Кровать продолжала поскрипывать, подстроившись под его размеренное дыхание. За стеной, украшенной так же, как гримерная каморка Неда Аллена, старательно, отработанно стонала девица, убеждая молчаливого, кажущегося порождением полночной горячки, клиента в том, что член у него, как у быка.
Это была не та игра, о которой в театре бы сказали – сотрясти сцену.
– Я бы ей не поверил, – проговорил Кит, взбив подушку под затылком, и забросив руку за голову. – Можно подумать, она бегает тратить свой грошовой заработок на какой-нибудь гостиный двор, чтобы поглядеть, что у быков под брюхом – а не за тем, чтобы повизжать, когда ее обдаст их кровью…
Под одеялом было тепло от близости чужого тела – Уилл, в отличие от Кита, оставался одетым, и сорочка на нем была уже влажной от испарины. Было жарко от посторонних, понятных, выпитых до дна, наигранных страстей, от подогретого вина, любезно принесенного парой румяных девушек прямиком наверх, и от ничем не замутненной, зудящей близости. Девушки долго не желали уходить, крутились, горстями горошка рассыпали какие-то глупые вопросы – видно, им настрого наказали не упустить ни одно из желаний дорогих гостей.
Дорогие гости пожелали лечь спать пораньше, двое – в постели, один – на полу, на матрасе, набитом колючим сеном.

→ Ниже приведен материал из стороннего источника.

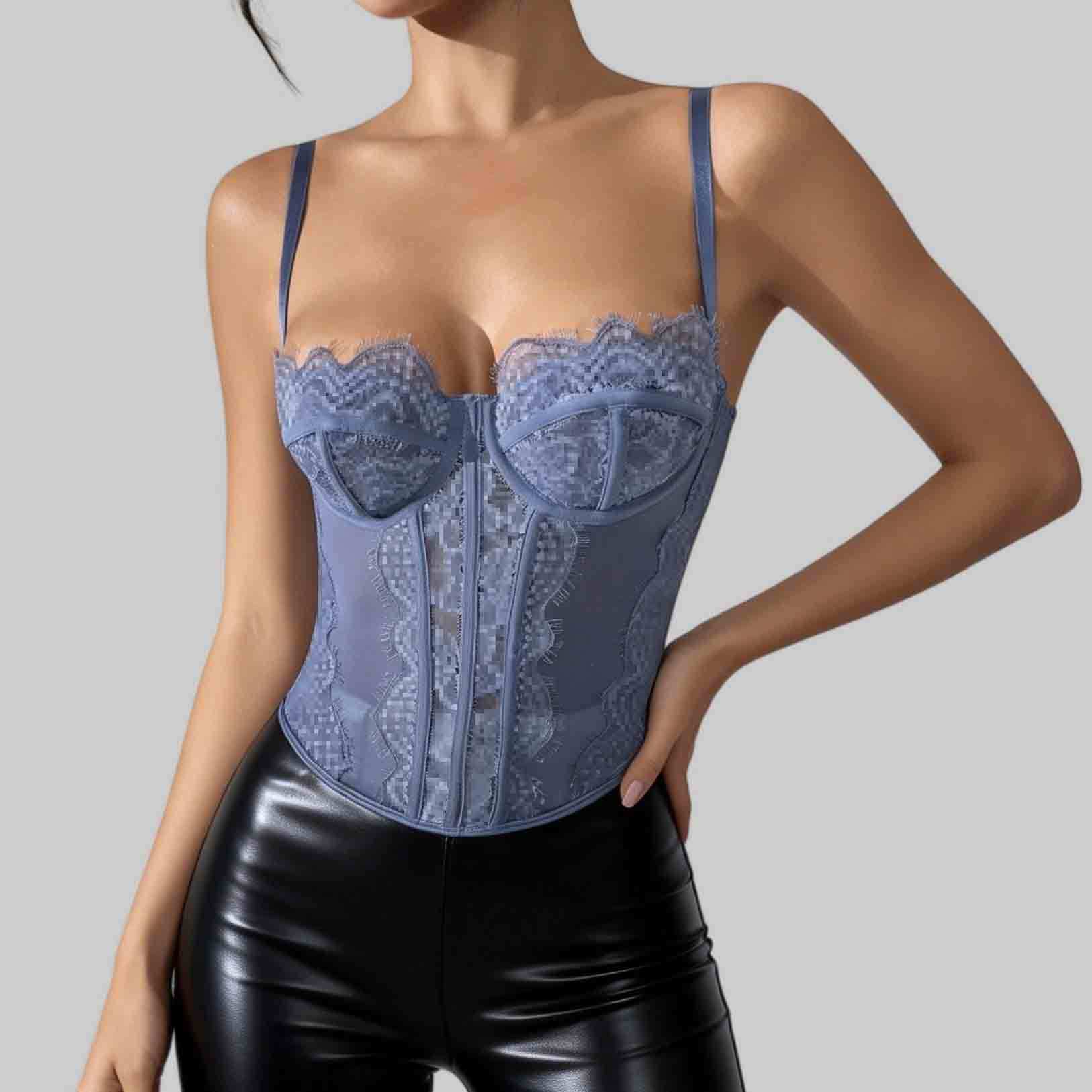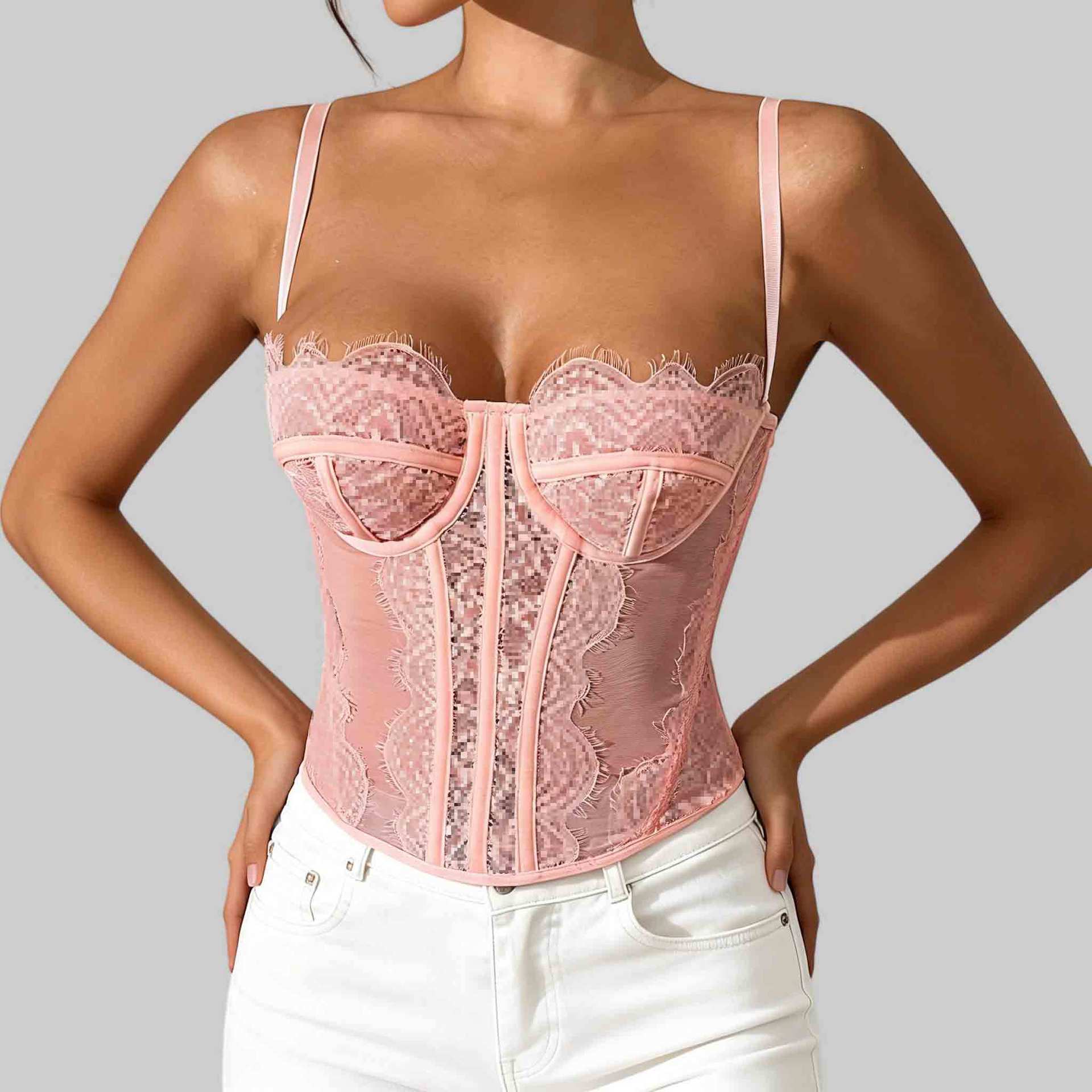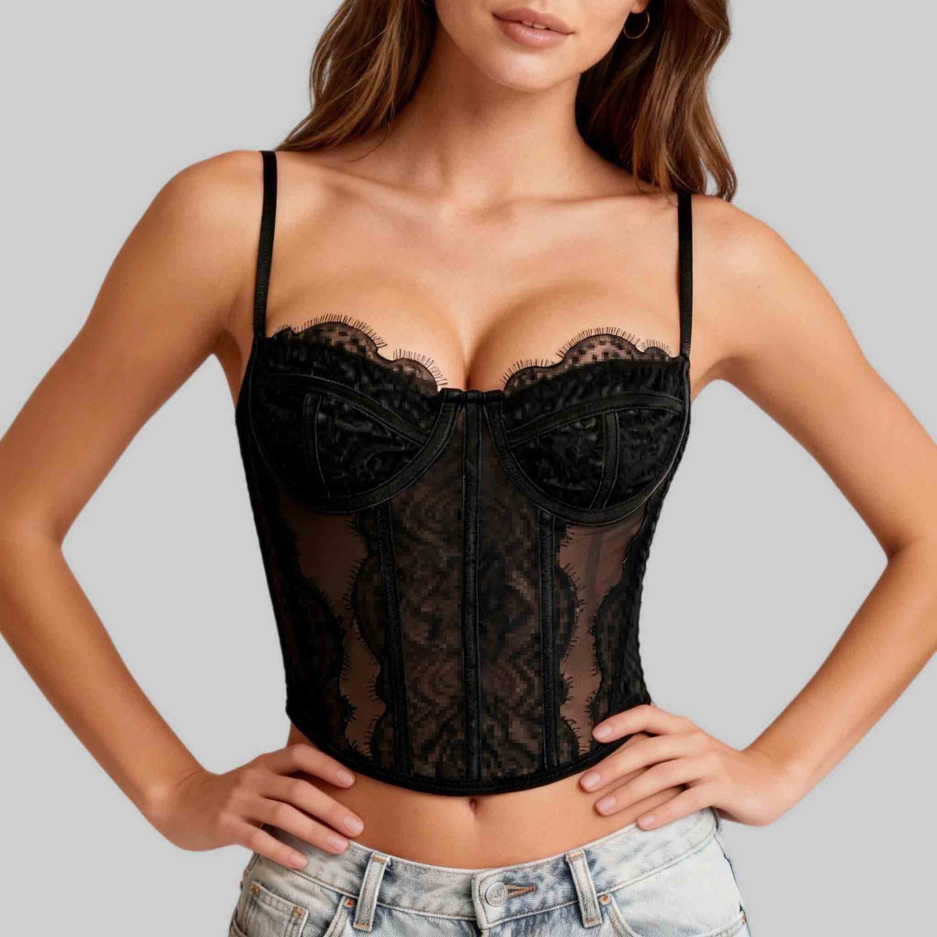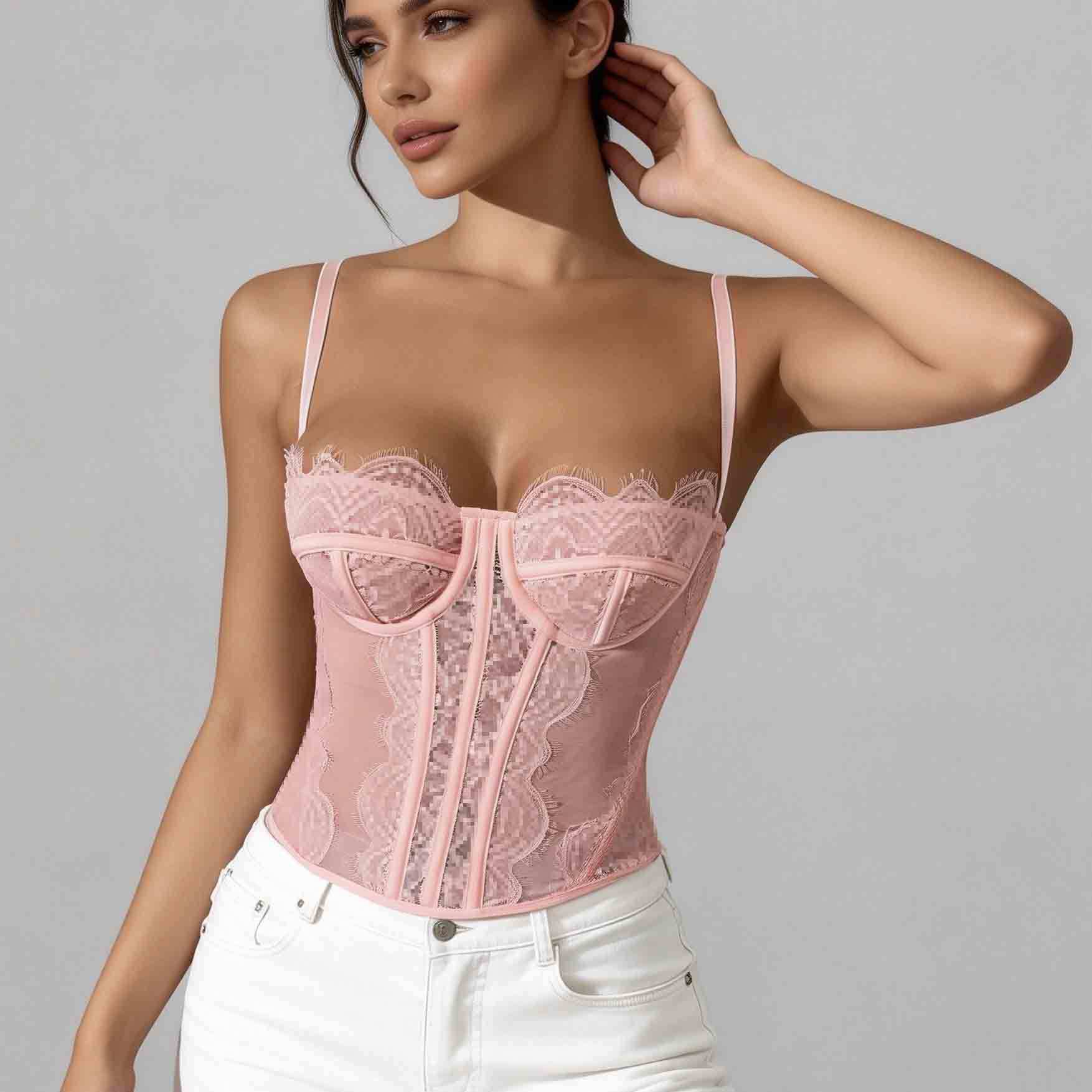 Трансграничный хит продаж, сексуальный сексуальный пуш-ап, плотный кружевной прозрачный бюстгальтер с ресницами в виде рыбьей кости, корсетный топ
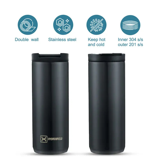 The double-wall construction creates a vacuum or a layer of air between the inner and outer walls, acting as a thermal barrier. This helps in maintaining the temperature of the liquid inside, whether it's hot or cold. Double-wall insulation provides excellent temperature retention. It keeps hot liquids hot for an extended time and cold liquids cold without condensation on the outer surface.
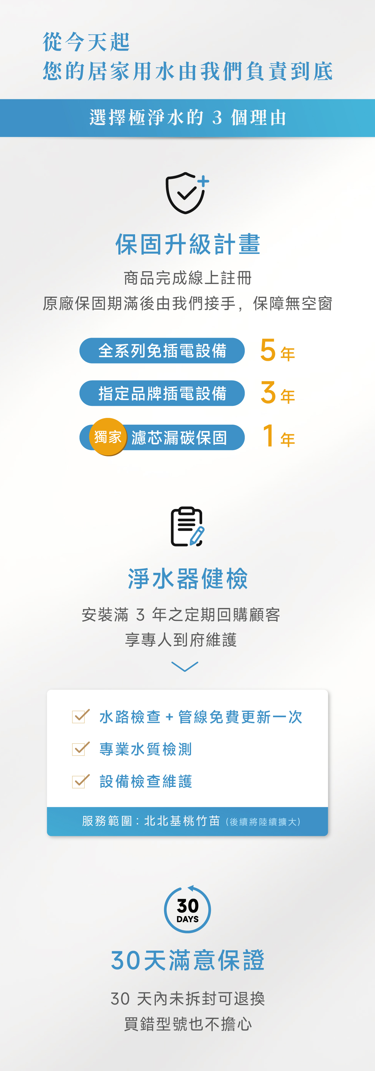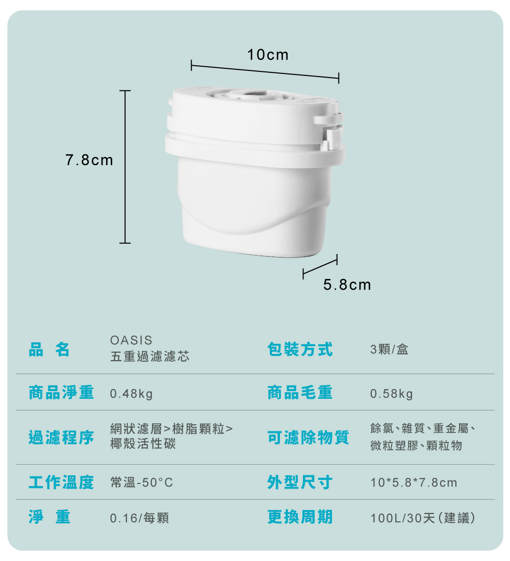 | 注意事項 | 即使濾芯處理水量未達上限,為避免濾材生菌數超標,最慢 12 個月需更換一次。 |

– Прошу вас, милые леди… принесите нам еще одно одеяло… Ведь я замерзну ночью, – жалостливо, как нищий на площади святого Павла, упрашивал Дик, а шлюшки умильно похохатывали, прикрывая рты подкрашенными хной ладонями.
Девица за стеной не умолкала, разродившись еще одним сравнением – лодочная свая на Темзе. Что же, это было, по крайней мере, чуть более изобретательно.
Под одеялом Кит подался назад, чтобы прижаться обнаженной спиной к шероховатому льну скомканной сорочки. Дик на полу то затихал, но вновь начинал ворочаться, чтобы опять трагично замереть лицом к стене.
– Эй, Дик, – позвал его Кит, приподнявшись на локте. – Иди ко мне. Помнишь – в обмен на новую сорочку я пообещал Хенслоу, что сыграю завтра Гавестона, а это значит, что нам с тобой, о, мой Эдуард, нужно притереться друг к другу…
В ответ Дик мямлил что-то, отдаленно похожее на грубости.
Уилл же, заводя руку вперед, резковато притягивал Кита к себе – тем самым вызывая череду душераздирающих скрипов кроватного остова, готовых по громкости и надрыву соперничать с однообразными криками неуемной, или же неумной вакханки.
***
Уилл пожалел, что не разделся: жарко стало, как только они с Китом забрались под одеяло. И жар этот был вызван не только тем, что в борделе было душно от чужого пота, а раскаленные ощеренные пасти каминов, казалось, готовы вот-вот спалить дотла весь Саутуорк, если не Лондон. Жар исходил от Кита, от его обнаженной кожи, жар исходил от самого Уилла, которому стоило лишь оказаться рядом с Китом, – и вся усталость, накопленная за несколько почти бессонных ночей разом куда-то исчезла. И обнимая ворочавшегося Кита, Уилл понимал, что ему – мало.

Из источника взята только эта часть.